- Gösterim: 10557
Hiperhidrozda cerrahi tedaviler sadece koltuk altında tercih edilmektedir. Bu cerrahi tedaviler;
Invaziv cerrahi uygulamalar: Koltuk altında invaziv cerrahi uygulama olarak kullanılan farklı prosedürler bulunmaktadır.
Cerrahi uygulama öncesi koltuk altında hiperhidroz, terleme alanı saptanır. Bunun için iyot-nişasta testi yapılır. Bu test ile aşırı terleme alanı saptanır ve cerrahi kalem ile alan sınırları işaretlenir.
Bazen bu test yapılmaksızın koltuk altında kıllanma alanın 1-2 cm iç kısmı cerrahi uygulama alanı olarak seçilebilmektedir.

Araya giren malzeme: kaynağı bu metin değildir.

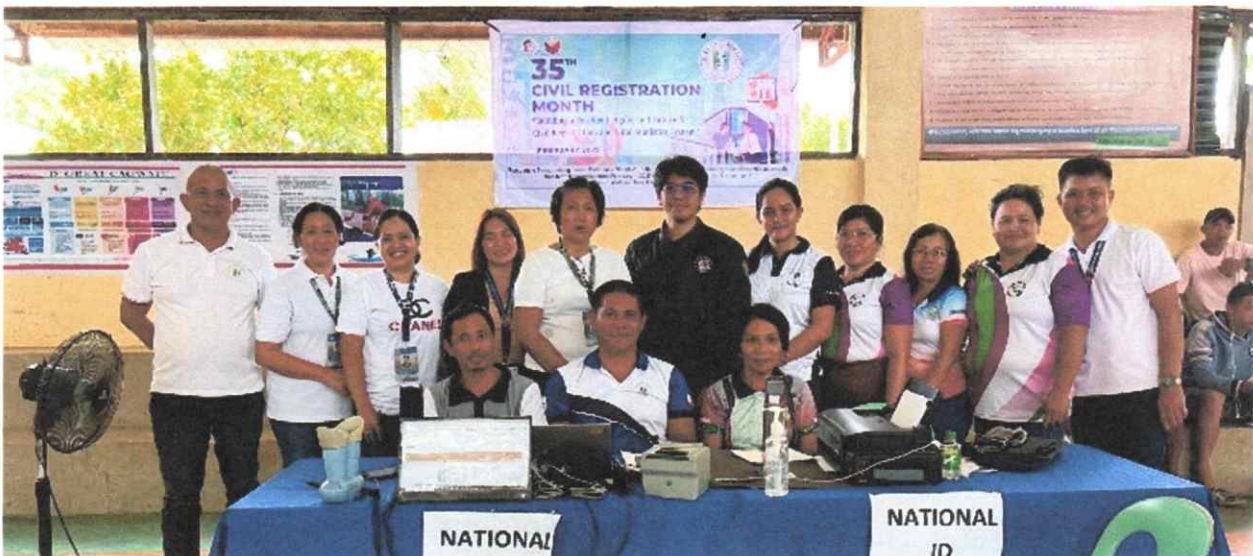
National ID- SDS Team with the LCRO Cagwait Staff and Brgy. Officials of Brgy. Mat-e, Bitagan East and West.

Date of Release: 25 February 2025 Reference No. 2025-01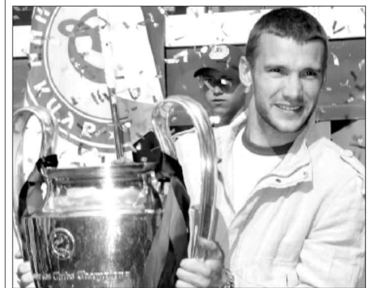
PRIDE OF UKRAINE: AC Milan striker Andrei Shevchenko shows the European Champions League trophy on arrival at Kiev airport on June 3.

The player placed the Cup and a wreath at the site to honour the man who nurtured him as a young player over four seasons at Dynamo before he joined Milan in a 25-million-dollar move in 1999.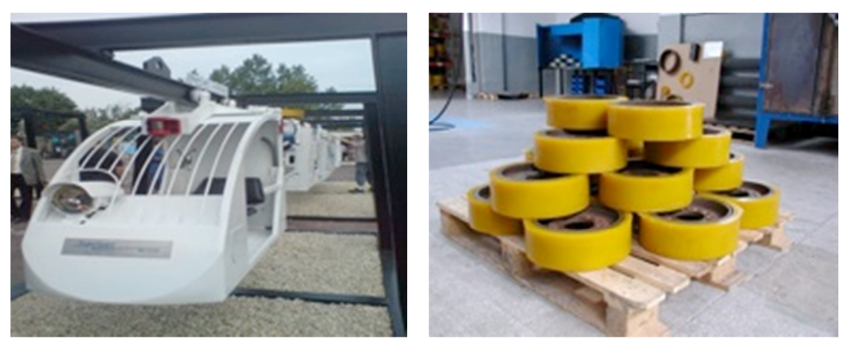
Fig.1. Suspension railway with tread wheels working in the state of extreme load

The analysis of the operational reliability of the suspension railway in mining was researched at the Mining Mechanization Institute of the Silesian University of Technology by doctor Tadeusz Giza [1]. According to tests he ran on the railway motors (main drive, motor drive mechanism, capstan, and electrical) most often it was the drive mechanism that was damaged. The drive mechanism failure constituted around 47% of all failures, where the breakdown of wheels happened in 17,86% cases and the time spent fixing them constituted 24,32% of all repairs. This shows the scale and significance of the matter.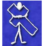
Ta-Pa-Win-Go Student Ministries

Please Clip and Mail Registration by April 11, 2023 Or Register Online at www.cbmcamp.com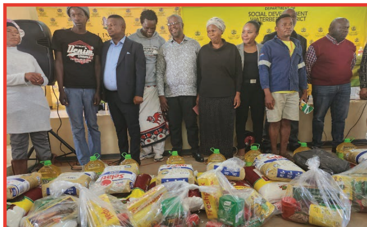
Beneficiaries receiving food parcels.

of South Africa, Government Communication and Information System, Department of Home Affairs, Department of Roads and Transport, Department of Correctional Services and the South African Police Service and Emergency Medical Services. Around 450 members of the community attended the event.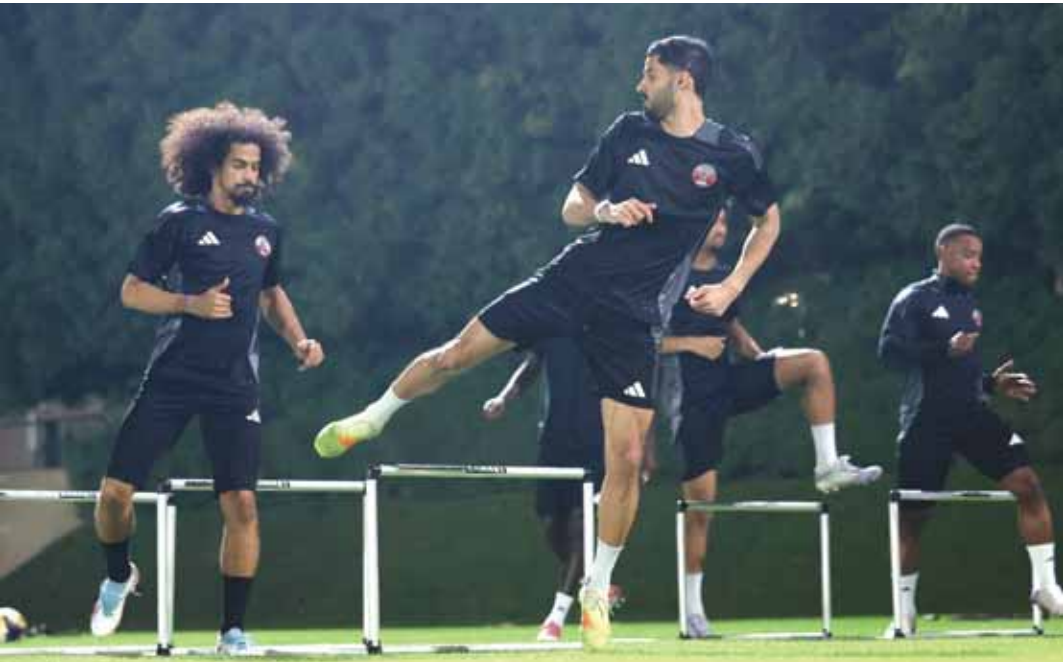
Qatar players train yesterday, ahead of their tomorrow's opening match of FIFA Arab Cup match against Palestine.

A total of 15 regional and international broadcasters will make use of the host country's studios in

İyot-nişasta silinerek koltuk altında % 70 isopropil alkol ile asepetik koşullar sağlanır. Koltuk altlarına tümesent lokal anestezi uygulanır.
- Apoekrin ve ekrin ter bezlerini içeren koltuk altı derisinin cerrahi olarak kısmi yada total olarak çıkarılması ve sonrasında gerekiyor ise deri greftlerinin uygulanır. Bu yöntem koltuk altında deri ve deri altı dokuların bütünlüğünü bozan bir cerrahi uygulamadır. Uygulama sırasında ve sonrasında ciddi komplikasyon(enfeksiyon, kanama, doku nekrozu, kötü doku iyileşmesi gibi) ve riskler taşımakta, iyileşme süreleri ve hastanın uygulama sonrası günlük aktivitesine dönme süreleri daha uzundur.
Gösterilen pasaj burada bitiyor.